§ What the task asks
In the entries below, find the line with "Morrison, Jim. (2026, January" and the line with "Visual Rent Car"; copy them and every line between them exactly, but not the pictures.

§ Dataset entries
------------

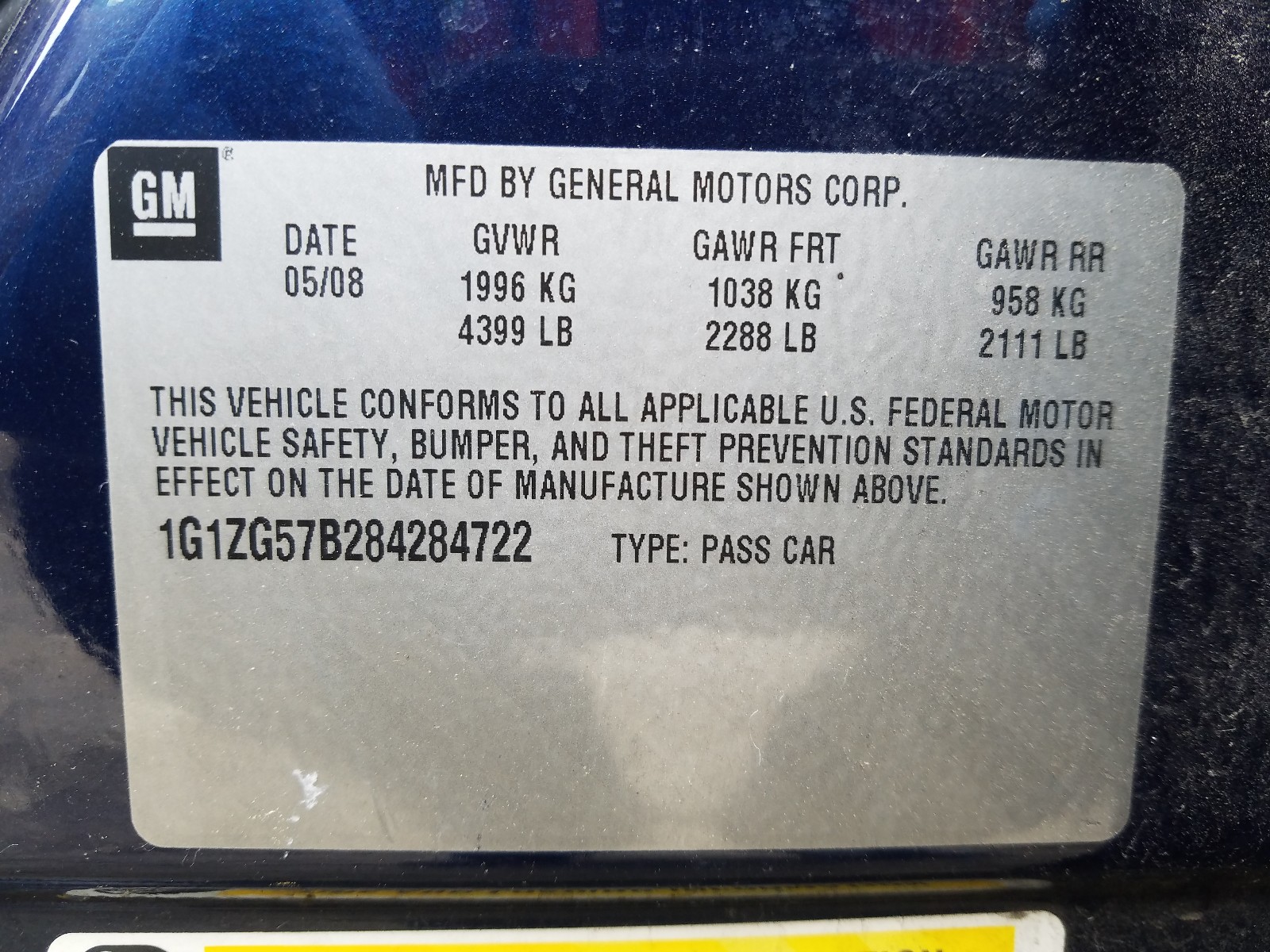 VIN: 1G1ZG57B284284722
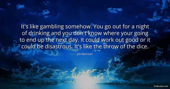Morrison, Jim. (2026, January 17). It's like gambling somehow. You go out for a night of drinking and you don't know where your going to end up the next day. It could work out good or it could be disastrous. It's like the throw of the dice. FixQuotes. https://fixquotes.com/quotes/its-like-gambling-somehow-you-go-out-for-a-night-31978/
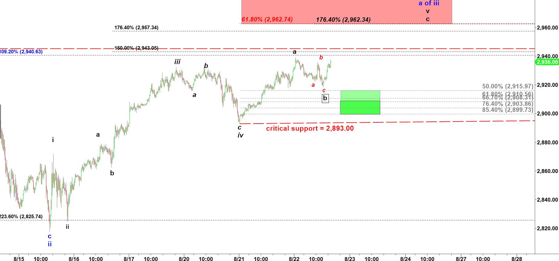 Another micro count suggests that the black wave b down has completed and a new leg up in wave c up has started. Frankly, I favor the first scenario. However, both micro counts expect another rally in wave c up that may go over 2,960.
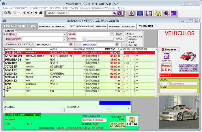 Visual Rent Car je program, se kterým máte přehled o pronájmu vozidla. Software Enterprise Rent a car, půjčovna vozidel. Klasifikace vozidel v různých kategoriích, automobilů, motocyklů, člunů, ... uživatelsky konfigurovatelné. Jednoduché a intuitivní software, který se přizpůsobí vašim potřebám. Kontrola dokumentů pro zákazníky i vozidel.
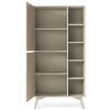 Regál Forest RG80 přináší velkorysý úložný prostor v podobě čtyř otevřených a tří vnitřních polic, díky čemuž se stane skvělým pomocníkem v obývacím pokoji, pracovně či ložnici. Jeho design čerpá inspiraci ze skandinávské jednoduchosti, kterou doplňuje dekor rybí kosti a decentní zlaté kovové úchytky.
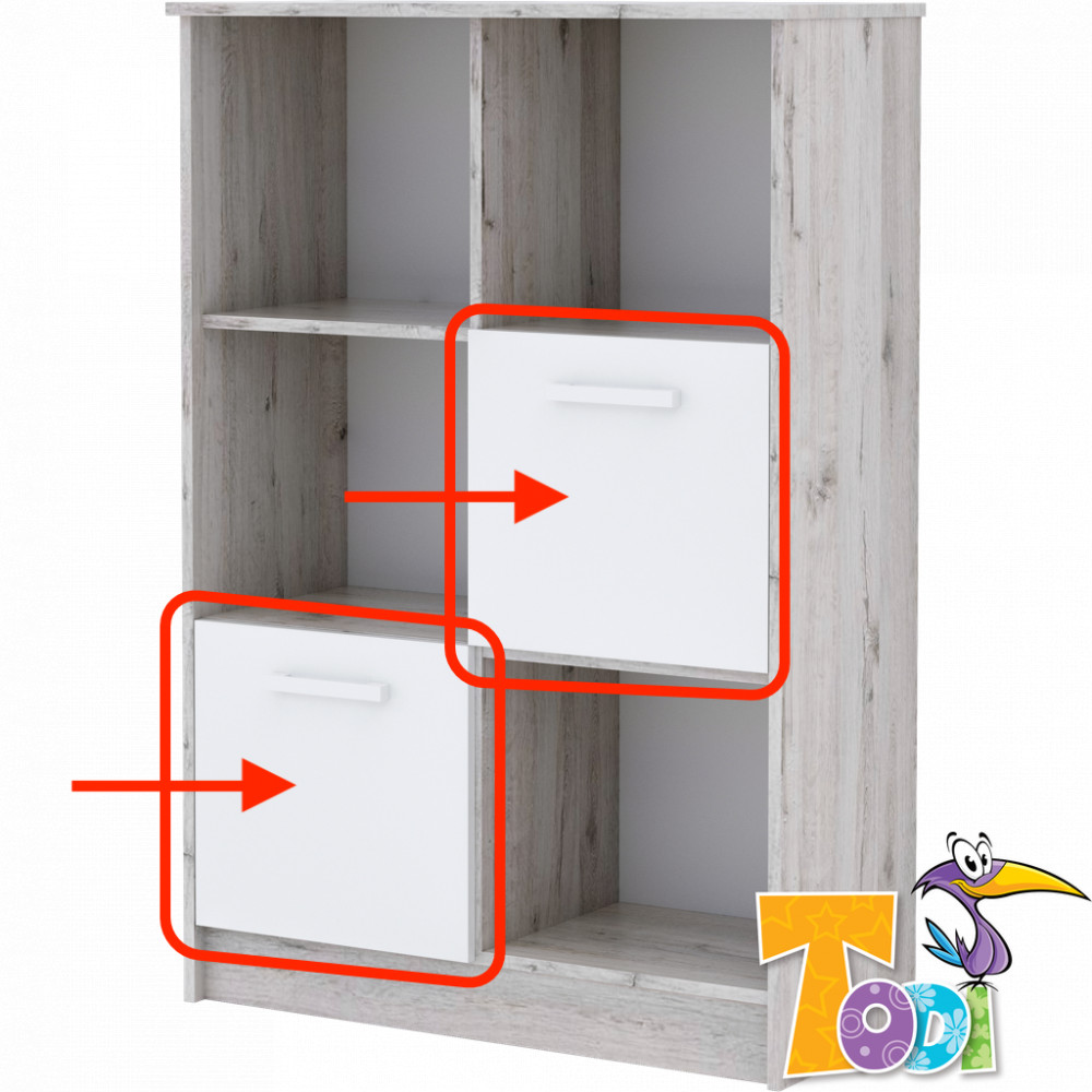 A Todi Bee bútorcsalád keskeny nyitott polcos szerkényéhez rendelhető ajtó 18 mm vastag préselt, laminált faforgácslapból készül, melynek színe bordázott fehér.
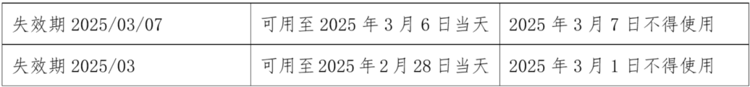 若失效期标注到日,表示可以用至失效期前一日;若失效期标注到月,表示可以用至前一个月月底。

------------

§ Expected answer
Morrison, Jim. (2026, January 17). It's like gambling somehow. You go out for a night of drinking and you don't know where your going to end up the next day. It could work out good or it could be disastrous. It's like the throw of the dice. FixQuotes. https://fixquotes.com/quotes/its-like-gambling-somehow-you-go-out-for-a-night-31978/
 Another micro count suggests that the black wave b down has completed and a new leg up in wave c up has started. Frankly, I favor the first scenario. However, both micro counts expect another rally in wave c up that may go over 2,960.
 Visual Rent Car je program, se kterým máte přehled o pronájmu vozidla. Software Enterprise Rent a car, půjčovna vozidel. Klasifikace vozidel v různých kategoriích, automobilů, motocyklů, člunů, ... uživatelsky konfigurovatelné. Jednoduché a intuitivní software, který se přizpůsobí vašim potřebám. Kontrola dokumentů pro zákazníky i vozidel.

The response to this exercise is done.